Mexico's Central Bank Likely to Double Pace of Interest Rate Cuts

Key Points:

* Banxico is widely expected to reduce its benchmark rate by 50 basis points to 9.5%.
* Inflation has eased within the central bank's target range, while growth has slowed.
* The threat of U.S. tariffs has been delayed for one month, providing temporary relief.

Analysis:

Mexico's central bank, Banco de Mexico (Banxico), is poised to accelerate its monetary easing on Thursday, potentially cutting its key interest rate by half a percentage point. This move is supported by several factors:

Slowing Growth and Inflation:

Mexico's economy has experienced a slowdown, with growth slowing to 1.5% in 2024 and contracting in the final quarter.
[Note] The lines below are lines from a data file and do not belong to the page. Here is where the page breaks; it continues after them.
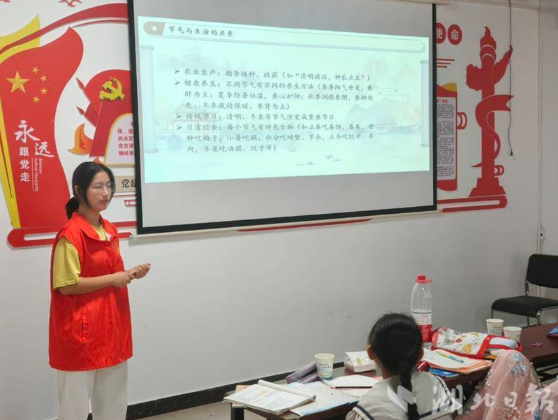 志愿者汪颖借“小暑”时节,开启“二十四节气”之旅。诵读《节气歌》、玩转“猜节气”,孩子们在“小暑吃藕解暑热,冬至饺子暖寒冬”的民谚中,感悟传统文化与生活的美妙联结。
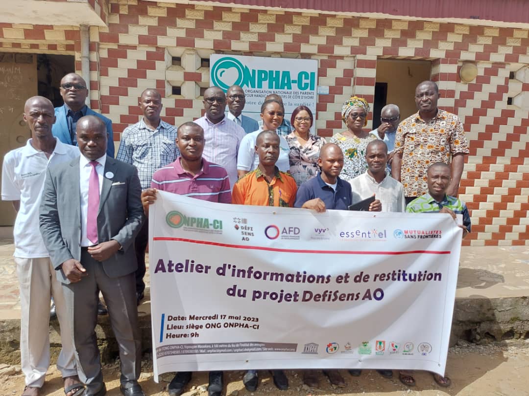 Porté en consortium par Mutualistes Sans Frontières Solidarité, VYV3 Pays de la Loire et ESSENTIEL et soutenu par l’AFD sur la période du 1er janvier 2022 au 31 décembre 2024, le projet DéfiSens’AO implique 15 organisations couvrant 7 pays qui sont le Benin, le Burkina Faso, le Togo, le Niger, le Mali, la France et la Côte d’Ivoire dont les Ong ONPHA-CI et la Fédération des Aveugles et Mouvements Associés de Côte d’Ivoire sont les partenaires.
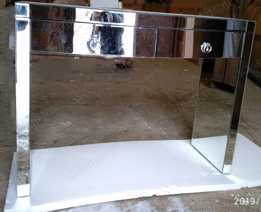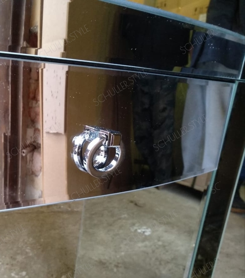 Стильная, современная консоль "Скарлетт" с красивой зеркальной облицовкой соответствует популярным тенденциям в дизайне современных интерьеров квартир. Плавные формы фасада консоли переходят в практичные выдвижные ящики, украшением которых являются круглые хромированные ручки. Ножки прямые. Каждая зеркальная деталь с декоративной фаской ( огранкой края). Компактные размеры 97*40*75 h дают возможность поставить консоль в ограниченном пространстве прихожей либо комнаты, сохраняя ощущение простора, благодаря зеркалам. Купить зеркальную консоль из наличия в Москве просто, сделав заказ в нашем интернет-магазине.
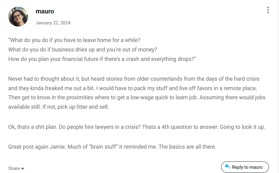 We see that in Mauro’s question; are lawyers useful in a World War III scenario?
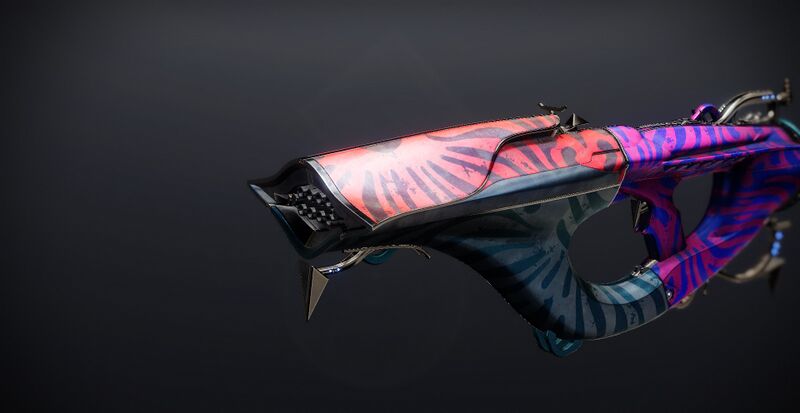 This image is a screenshot of a weapon from the Destiny series of first-person shooter video games developed by Bungie Studios and published by Bungie or Activision. It falls under the screenshot category for a copyrighted computer game or video game, and the copyright for it is most likely held by the company that developed the game. It is believed that the use of a limited number of web-resolution screenshots:
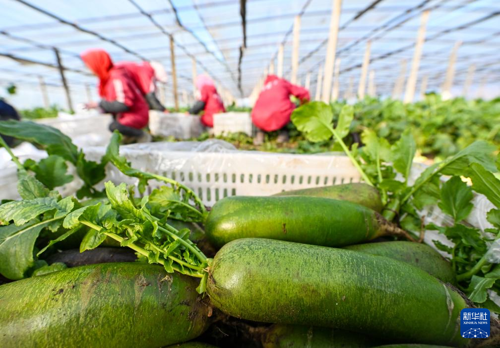 11月20日,在天津市西青区辛口镇种植沙窝萝卜的大棚内,农民在采摘萝卜。 时下,天津市西青区辛口镇的沙窝萝卜进入采收期。当地农民有序开展采收、包装、发货等工作。今年,全镇种植沙窝萝卜约8100亩,预计总产量可达7000万斤,带动村民致富增收。 新华社记者 赵子硕 摄
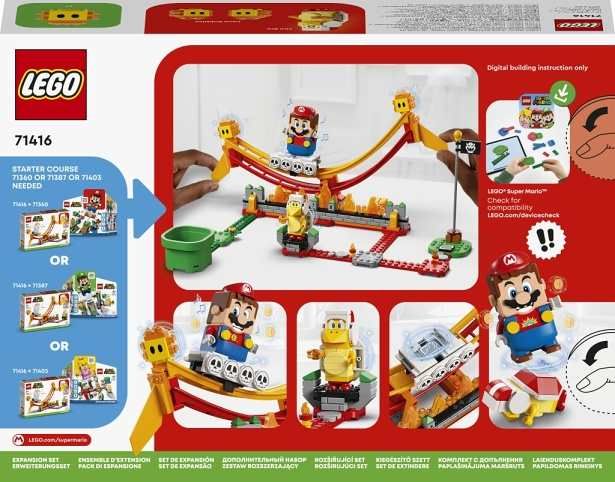 • Svezte se na lávové vlně (71416) – Děti mohou tímto rozšiřujícím setem obohatit svůj svět LEGO® Super Mario™ o zábavnou lávovou úroveň. Těšit se lze na „přelévající se“ lávovou vlnu a postavy protivníků ze hry Super Mario™ • 3 figurky LEGO® Super Mario™ – Součástí stavebnice je Ohnivý Bro a 2 Lávové bubliny • „Přelévající se“ lávová vlna – Pomozte LEGO® Mariovi, LEGO® Luigimu nebo LEGO® Peach™ (figurky nejsou součástí balení) svézt se lávovým výtahem a sbírat digitální mince za to, že se na vlně udrží a porazí Lávové bubliny • Skupinové hraní – Pokud jsou na hraní dva, může jeden hráč jezdit na lávové vlně s interaktivní figurkou LEGO® Super Maria (není součástí), zatímco druhý hráč porazí Ohnivého Bro • Skvělý dárek pro hráče od 7 let –Tento set s 218 dílky poslouží jako zábavný dárek pro děti, které vlastní některý ze startovacích setů LEGO® Super Mario™ (71360, 71387 nebo 71403), jenž je k interaktivnímu hraní potřeba • Přestavujte a kombinujte – V základním provedení měří modulární model přes 18 cm na výšku, 32 cm na šířku a 15 cm do hloubky a je navržen tak, aby jej bylo možné kombinovat s dalšími sety LEGO® Super Mario™ • Doprovodná apka – Stáhněte si aplikaci LEGO® Super Mario™, která obsahuje návody na stavění, inspirativní tipy a spoustu dalšího. Seznam kompatibilních zařízení s operačním systémem Android a iOS najdete na stránce LEGO.com/devicecheck • Inspirace pro dětskou představivost – Sběratelské sety LEGO® Super Mario™ umožňují samostatné i skupinové hraní, přinášejí zábavu při sbírání mincí a neomezené kreativní možnosti v podobě rozšiřování a přestavování • Vysoká kvalita – Dílky LEGO® splňují přísné oborové standardy kvality, takže umožňují jednoduché a bezpečné spojování do robustních modelů • Záruka bezpečnosti – Kostky LEGO® pouštíme na zem, drtíme, kroutíme, zahříváme a analyzujeme, abychom zajistili, že splňují přísné globální bezpečnostní normy
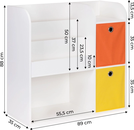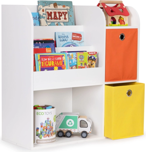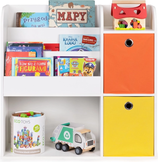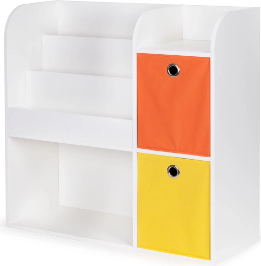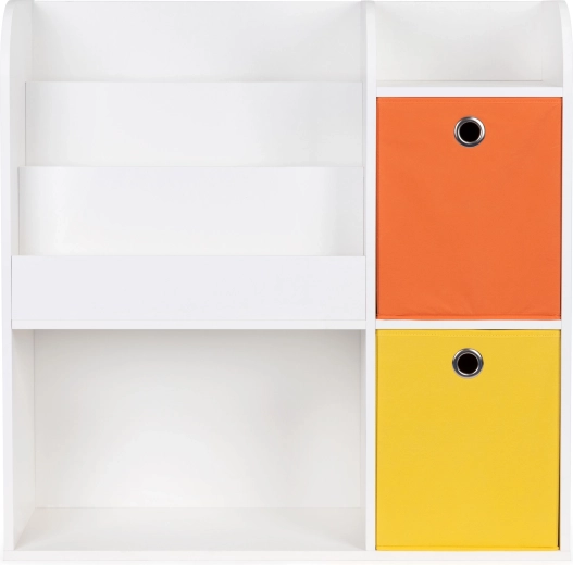 Korpus je vyroben z odolné laminované dřevotřísky s povrchem rezistentním proti poškození. Hluboké přihrádky pojmou knihy, alba a sešity, otevřené police jsou ideální na hračky a doplňky. Součástí balení jsou 2 prostorné textilní koše (oranžový a žlutý), do kterých snadno uložíte kostky či plyšáky.
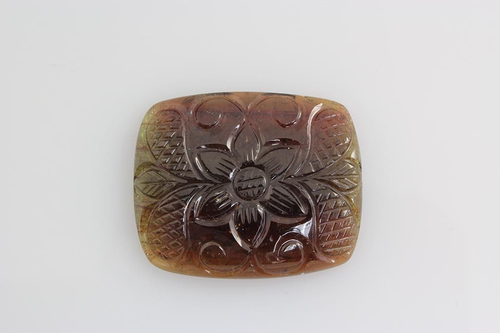31.57x25.91x5.61mm Hand Carving Flower Design in Natural Multi-Color Tourmaline Rectangular shape
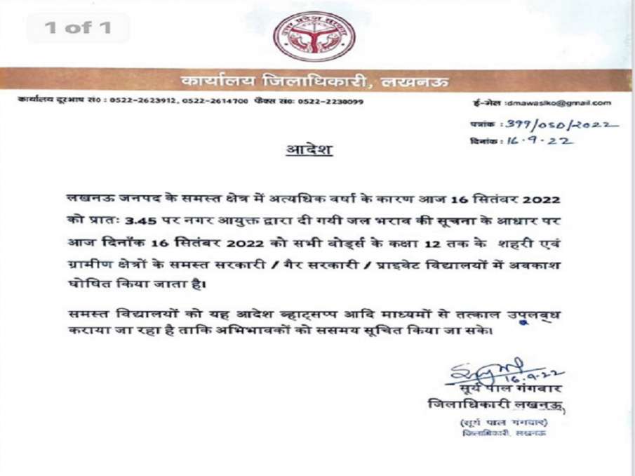 बता दें कि भारतीय मौसम विभाग ने कल ही भारी से भारी बारिश की चेतावनी जारी की थी। आईएमडी की सैटेलाइट इमेज में लखनऊ के ऊपर घने बादलों का जमावड़ा दिखा था। सुबह-सुबहजारी डीएम सूर्यपाल गंगवार द्वारा जारी आदेश में बताया गया है कि भोर में 3:45 बजे नगर आयुक्त से मिली सूचना के आधार पर 16 सितम्बर को सभी बोर्ड्स के बारहवीं तक के शहरी और ग्रामीण क्षेत्रों के सभी सरकारी, गैर सरकारी और प्राइवेट स्कूलों के लिए अवकाश घोषित किया गया है। उन्होंने विद्यालयों को वाट्सएप आदि के जरिए अभिभावकों को तत्काल यह जानकारी उपलब्ध कराने का भी निर्देश दिया।
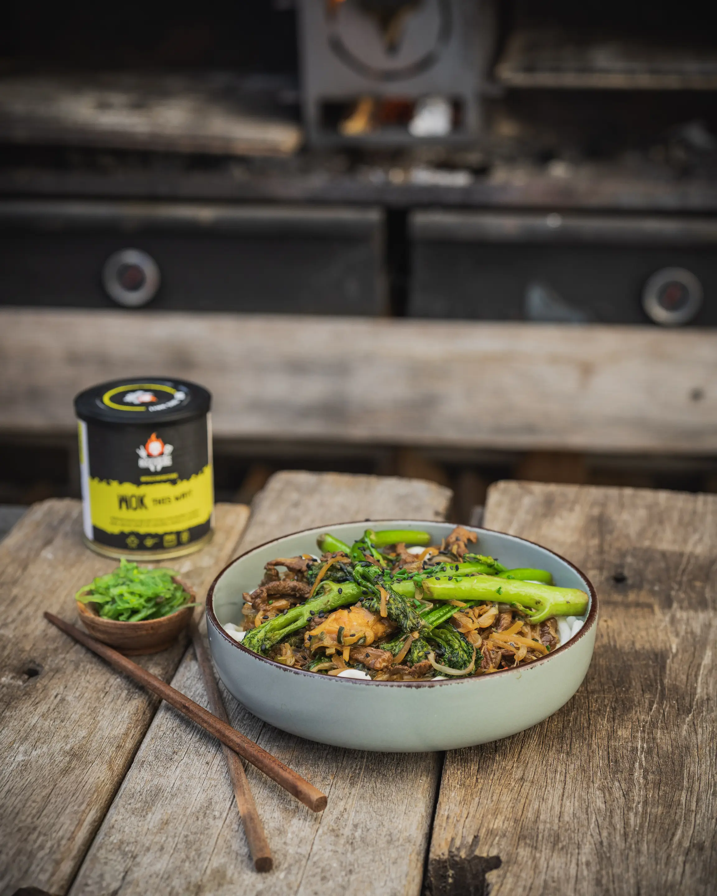 Den Wok sehr heiß werden lassen. Das Fleisch samt Marinade ca. 90 Sekunden scharf anbraten, bis es karamellisiert. Aus dem Wok nehmen und zur Seite stellen.
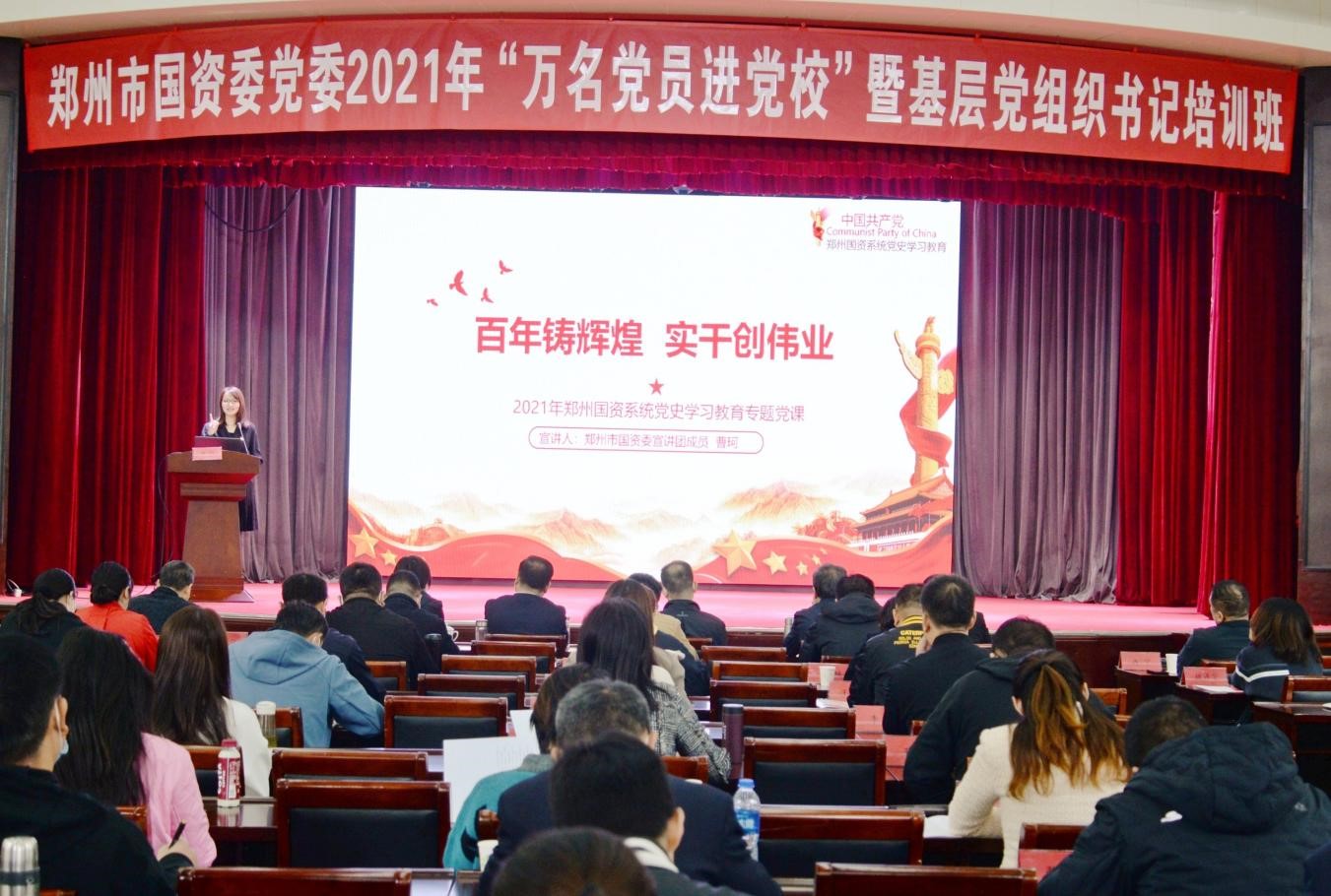 10月19日,鄭州市國資委黨委舉行2021年“萬名黨員進(jìn)黨校”暨基層黨組織書記培訓(xùn)活動,鄭州地產(chǎn)集團(tuán)西流湖公司黨支部曹珂同志作為市國資委宣講團(tuán)成員,向市國資委黨委市管企業(yè)優(yōu)秀黨支部書記、優(yōu)秀共產(chǎn)黨員130余人進(jìn)行了以《百年鑄輝煌  實干創(chuàng)偉業(yè)》為主題的黨課宣講。
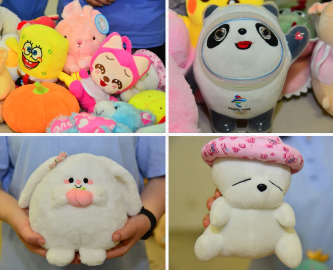 家人们带着各色各样的毛绒娃娃陆续前来捐赠,瞧,兔子、青蛙、大熊、猫咪、小狗、狐狸,可爱的小动物们越聚越多,桌子上立马成了动物园!还有许多耳熟能详的卡通形象,比如冰墩墩、宝可梦、史迪仔等。可以想象得到,当孩子们得到这些玩具时,该会有多么开心幸福!

Inflation has also moderated to 3.69%, within the central bank's target range.

Delayed Tariffs:

President Donald Trump's announcement of 25% tariffs on Mexican exports has been delayed for a month, providing a temporary reprieve for the Mexican economy. This delay allows Banxico to consider monetary easing to mitigate the potential impact of tariffs.

Bank Statement:

Banxico Governor Victoria Rodriguez has indicated that the bank is open to considering larger-than-average rate cuts. The bank has also acknowledged the risks posed by tariffs and emphasized its data-dependent approach to future decisions.

Board Changes:

On Wednesday night, the Senate approved the appointment of Jose Gabriel Cuadra Garcia to Banxico's board. This brings the board back up to full strength and will allow Cuadra to participate in the rate-setting meeting.

Conclusion:

The combination of slowing growth, moderate inflation, and delayed tariffs suggests that Banxico is likely to deliver a significant rate cut on Thursday. This move will provide support to the Mexican economy and help to mitigate the potential impact of any future tariffs.